Why Apache spark | Lec-2
Introduction to Apache Spark
Overview of the Video
- Manish Kumar introduces the topic of Apache Spark, building on previous discussions about what Apache Spark is and its significance.
- The video aims to explore how Apache Spark addresses specific problems in data processing and its future potential.
Historical Context of Data Management
- Before Apache Spark, traditional databases were primarily used for structured data storage, such as SQL databases.
- Structured data was typically organized in a tabular format with fixed rows and columns, similar to an Excel sheet.
The Evolution of Data Formats
Changes Post-Internet Era
- With the advent of the internet, there was a significant increase in data generation across various formats including text files, images, and videos.
- Traditional databases struggled to handle these diverse file formats since they were designed only for structured data.
Emergence of Semi-Structured Data
- Semi-structured formats like JSON and YAML began to emerge, allowing for more flexible data representation without a fixed structure.
- The inability of traditional databases to manage high volumes and varieties of unstructured or semi-structured data became apparent.
Understanding Big Data
Defining Big Data Challenges
- Big Data is characterized by three main pillars: Volume, Velocity, and Variety (the "Three Vs").
Key Characteristics:
- Volume:
- Simply having large amounts of data (e.g., 100GB or 200GB) does not qualify it as Big Data; it's about how quickly that volume increases.
- Velocity:
- Refers to the speed at which new data is generated. For instance, if 10TB per second is introduced into a system, it indicates a serious Big Data challenge.
- Variety:
- Involves multiple forms of incoming data—structured (tabular), semi-structured (JSON/YAML), and unstructured—which complicates management.

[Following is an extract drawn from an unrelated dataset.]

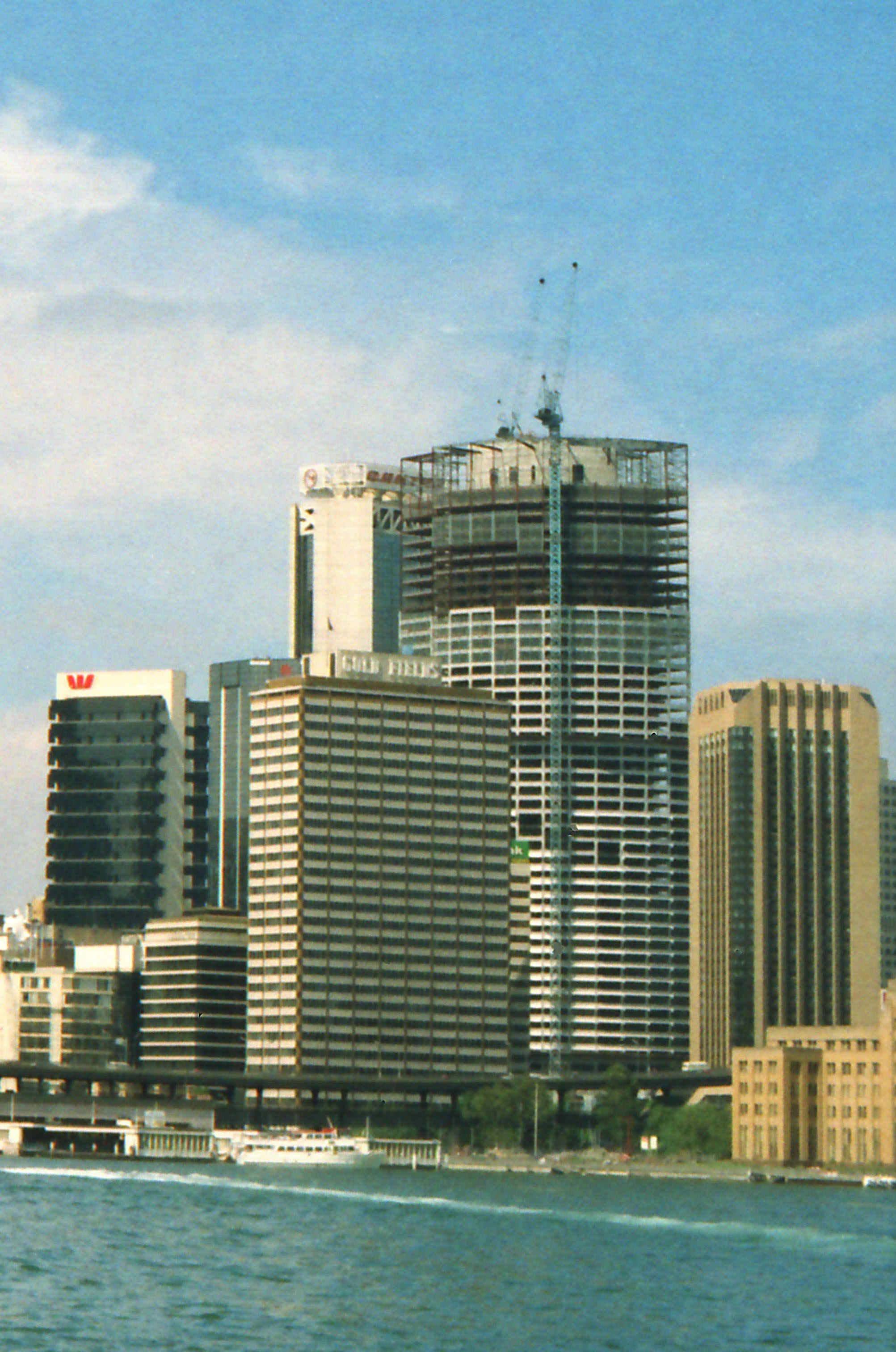 Cropped version of File:Sydney skyline 1987.jpg

Transitioning from Traditional Systems
From ETL to ELT Processes
- Traditional systems operated on an ETL model (Extract, Transform, Load), where data was extracted from sources before being transformed and loaded into storage.
New Approaches:
- Data Lakes:
Data Management Challenges and Solutions
Data Volume, Variety, and Velocity
- The data warehouse previously used for storing transformed data is now overwhelmed by the massive volume, variety, and velocity of incoming data.

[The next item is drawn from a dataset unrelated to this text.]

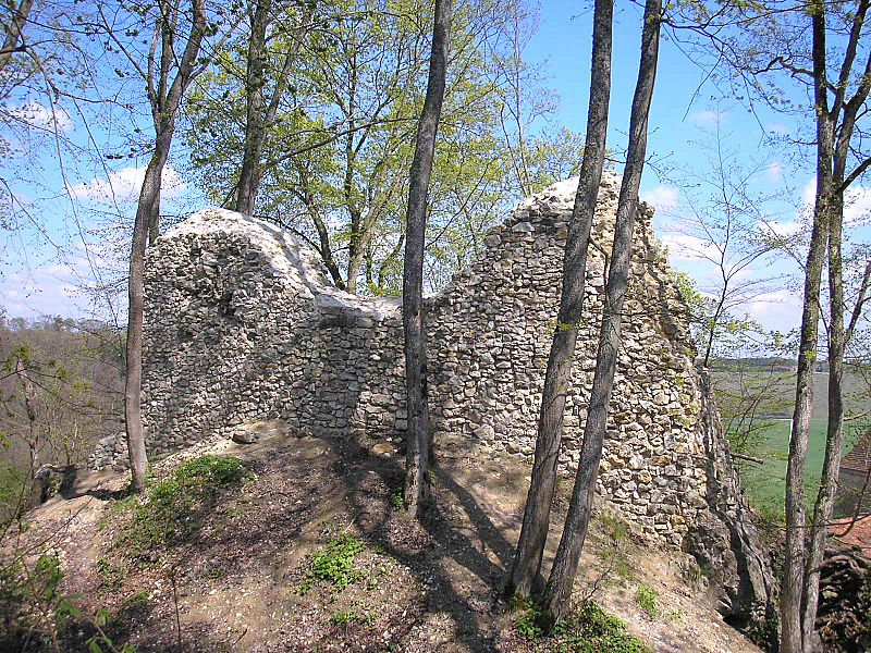 Burg Kaltenburg, ruins of Romanesque keep.

- The challenge arises from the continuous influx of data every minute or second, leading to difficulties in storage and processing.
- Key issues identified include the need for increased storage capacity and efficient processing methods for raw data formats.

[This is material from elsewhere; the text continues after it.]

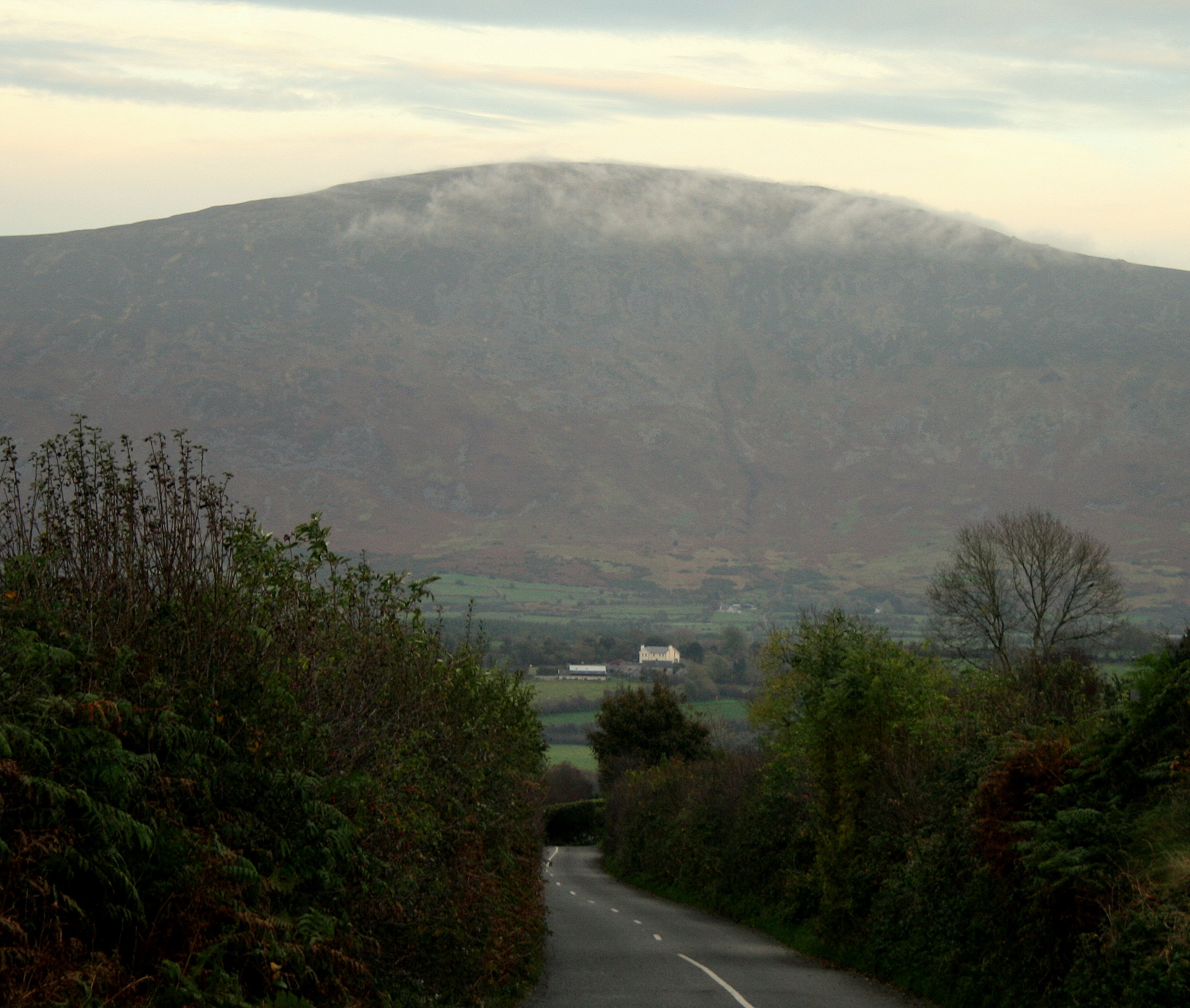 Blackstairs Mountain overlooking Ballymurphy, County Carlow

Storage and Processing Issues
- The primary concern is where to store the rapidly generated data while ensuring it can be processed effectively.
- Two main options are presented: expanding existing systems (monolithic approach) or adopting a distributed approach to handle the challenges.
Monolithic vs. Distributed Approaches
- A monolithic approach involves vertically scaling a single system to accommodate more storage and processing power but has limitations due to hardware constraints.
- Vertical scaling can lead to performance drops when CPU limits are reached, making it an inefficient long-term solution.
Limitations of Monolithic Approach
- Vertical scaling becomes costly as upgrading hardware (like hard disks or CPUs) increases expenses significantly.
- If a monolithic system fails, it results in total downtime since all operations depend on that single system.
Advantages of Distributed Approach
- A distributed approach allows for horizontal scaling by adding more machines into a cluster without significant cost increases.
- This method provides economic benefits through commodity hardware that is cheaper than high-end systems while allowing unlimited scalability without performance bottlenecks.
High Availability in Distributed Systems
- In case of machine failure within a distributed setup, workloads can be redistributed among remaining machines, enhancing reliability compared to monolithic systems which face complete failure upon any single point of failure.
Conclusion on Data Handling Strategies
- The rapid influx of diverse data formats necessitates a shift from traditional storage methods; thus, adopting a distributed approach becomes essential for effective management.